The new norm

Home is where the heart is. And the wave pool, home gymnasium, movie theatre, and guest quarters.

"Those things thought of as extras 10 years ago are now the norm," says Jeff Frame, president of Frame Architecture Inc. Things such as radiant heat and whole-house lighting controls. And now, he says, increasingly, a home theatre is expected, and its design must buffer sound from the rest of the house.

"Things once considered upgrades are now considered standard," Frame says.

Standard, anyway, in the 5,000-square-foot homes that dot the foothills in southwest Reno where the average new manse boasts five bedrooms, each with a private bath.

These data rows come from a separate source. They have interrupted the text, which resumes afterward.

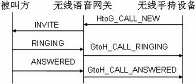 當(dāng)用戶(hù)通過(guò)無(wú)線(xiàn)手持設(shè)備撥打一個(gè)號(hào)碼時(shí),無(wú)線(xiàn)手持設(shè)備將發(fā)送一個(gè)HtoG_CALL_ NEW的內(nèi)部會(huì)話(huà)信令連同呼叫的號(hào)碼給無(wú)線(xiàn)語(yǔ)音網(wǎng)關(guān),無(wú)線(xiàn)語(yǔ)音網(wǎng)關(guān)收到該信令后,將根據(jù)該信令構(gòu)造相應(yīng)的SIP消息并發(fā)送到外部網(wǎng)絡(luò)。當(dāng)無(wú)線(xiàn)語(yǔ)音網(wǎng)關(guān)收到來(lái)自被叫方表示振鈴信息的暫時(shí)應(yīng)答RINGING時(shí),將發(fā)送一個(gè)GtoH_CALL_RINGING的內(nèi)部會(huì)話(huà)信令給手持設(shè)備。當(dāng)無(wú)線(xiàn)語(yǔ)音網(wǎng)關(guān)收到來(lái)自被叫方表示應(yīng)答的信息ANSWERED時(shí),語(yǔ)音網(wǎng)關(guān)將啟動(dòng)RTP線(xiàn)程并發(fā)送一個(gè)GtoH_CALL_ANSWERED的內(nèi)部會(huì)話(huà)信令給手持設(shè)備以通知被叫方已應(yīng)答。此時(shí)手持設(shè)備開(kāi)啟語(yǔ)音進(jìn)程,與被叫方實(shí)現(xiàn)通話(huà)。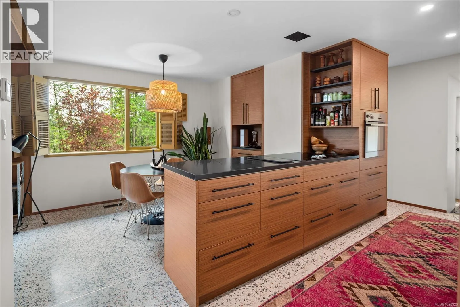 1955 REMASTERED MID CENTURY MODERN ICON Designed by legendary Harold Wong, this architectural showpiece offers a rare chance to live inside an artful masterpiece. Mahogany walls-interior & exterior, yellow cedar ceilings, concrete terrazzo floors, concrete soft finished floors, floor-to-ceiling wood framed windows-bringing the deep drama. BC stone fireplace crafted with local stone. Both kitchens boast solid maple cabinet boxes, eco-wood doors, corian counter tops and modern linear hardware adding a crisp architectural contrast. A versatile 2 bedroom/2 bathroom in-law suite with separate laundry flows separately out of the lower level. Behind the scenes, upgraded plumbing and electrical, brand-new deck membrane, and meticulous rock work blend seamlessly into the Clive Justiceâdesigned landscaped grounds. Outside, a multi-level waterfall flows into a cement pond framed by towering trees, offering complete privacy in the city. This isnât just mid-century modern itâs a mic drop. (id:27476)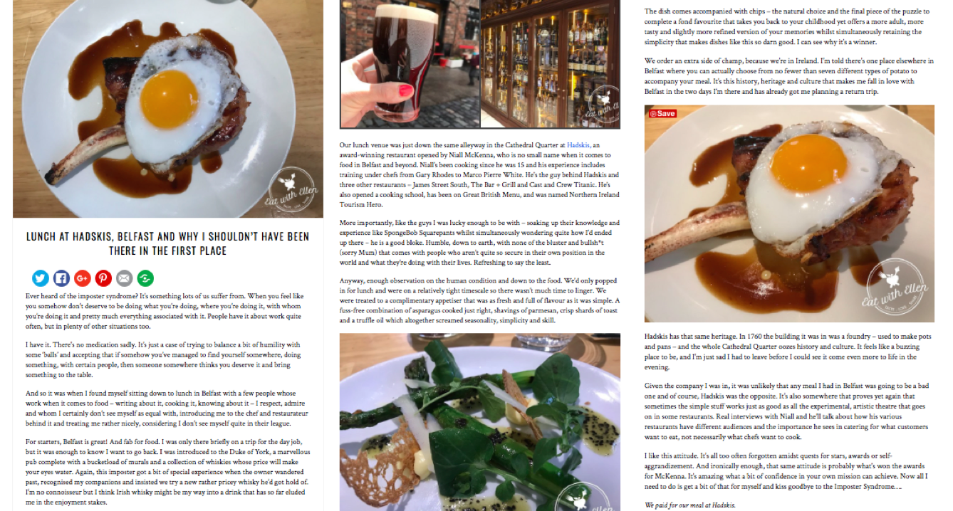 ‘LUNCH AT HADSKIS, BELFAST AND WHY I SHOULDN’T HAVE BEEN THERE IN THE FIRST PLACE’

The owners of those properties, says Frame, are primarily Californians, but not retirees; they're still working after making the move to Nevada. Meanwhile, they want the house to work for them.

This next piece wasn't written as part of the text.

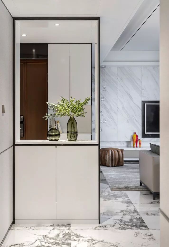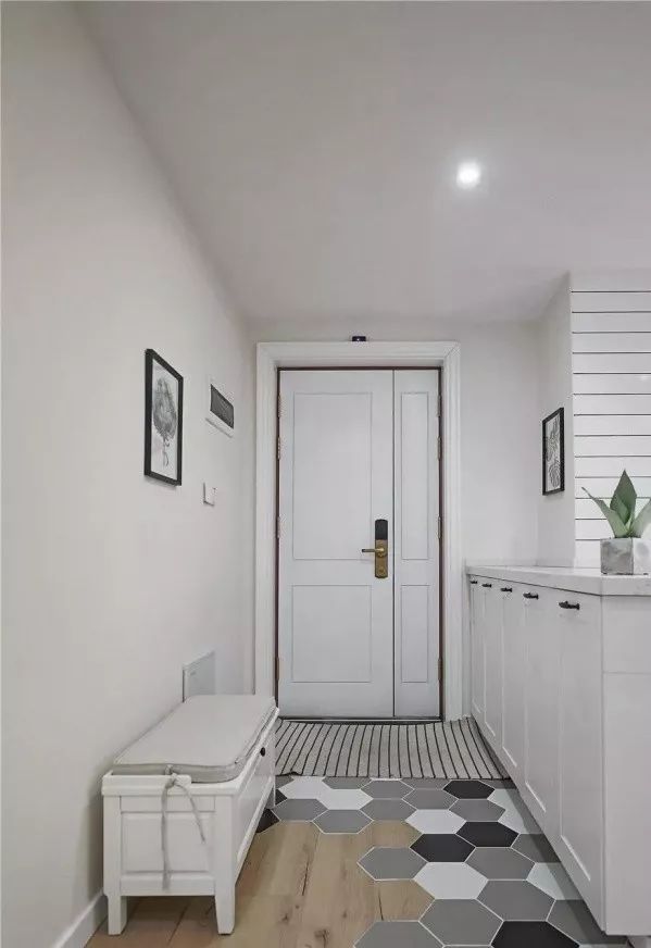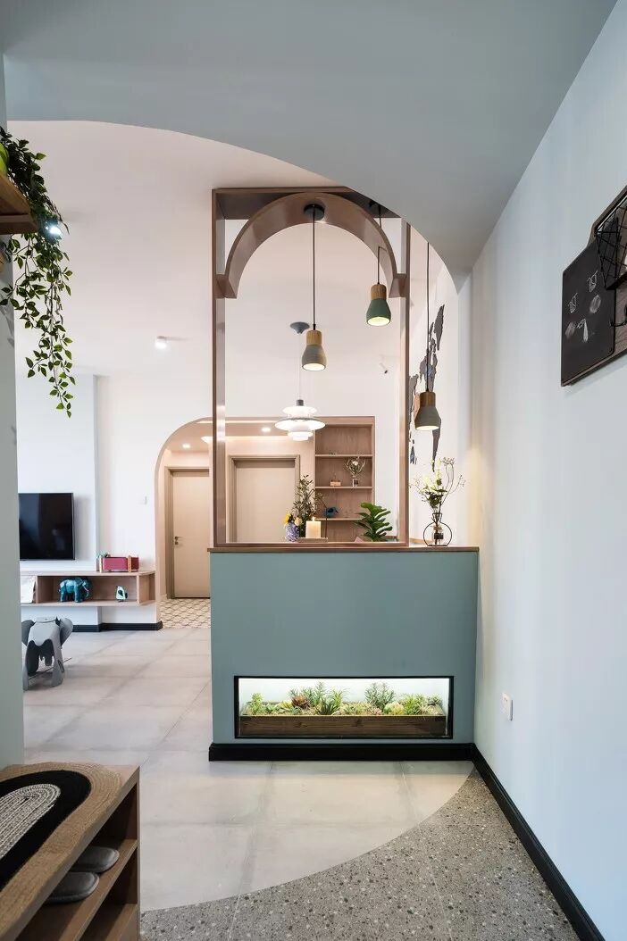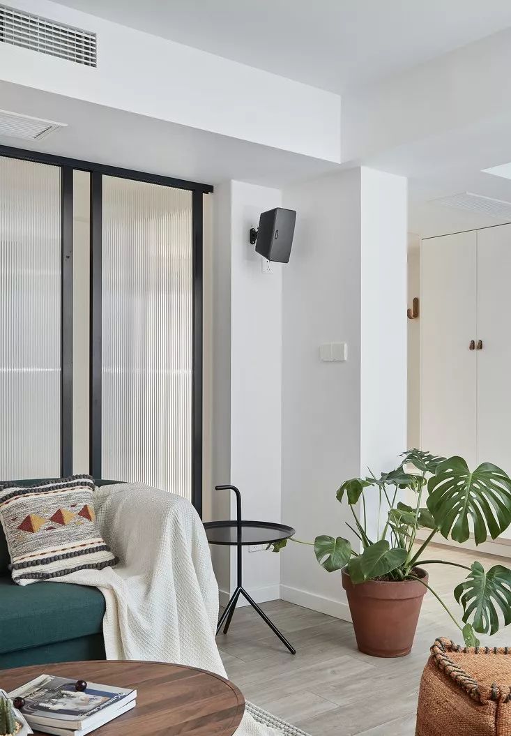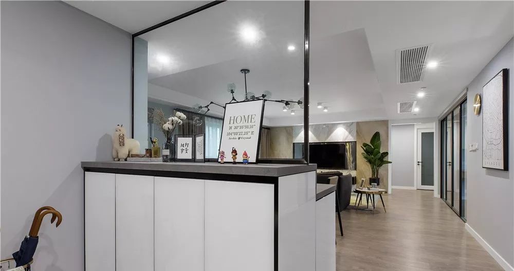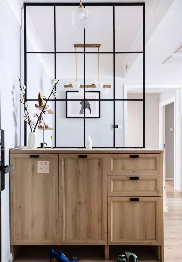 为了避免进门就看到房子的全貌,屋主在玄关处装了一块玻璃,适当阻挡下视线。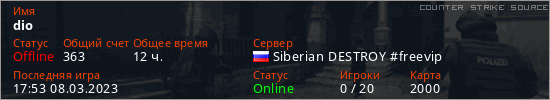 Играет на Counter Strike Source сервере. Страна: РоссияПервый раз замечен 17:18 23.02.2023

"They want the house to do everything," says Frame. "They expect a high degree of comfort. A house has to fit them like a glove."

And that, he says, is "an environment we create. People can sense when a design is thought out. It's an intrinsic value that fits."

In future, he sees a trend toward more environmentally sustainable green building. And that includes small houses but not to save forests from being felled. Rather, it's due to the soaring costs of construction materials.

"The McMansions are going to be gone," he says.

Until then, the 5,0000-square-foot McMansions are costing $300 to $400 per square foot to build. Figure a cool $2 mil, total.

Add to that the architect's fee, which can range from $30,000 to $100,000 depending on design. However, the fee is based partly on the effort needed to get the design through the review process. A lot of the hassle depends on location.

"Everyone has a homeowners association," says Frame. The homeowner wants something unique and custom, while the association is about standards. "It's a delicate balance."

It all starts with the question: "What do you want your house to do?"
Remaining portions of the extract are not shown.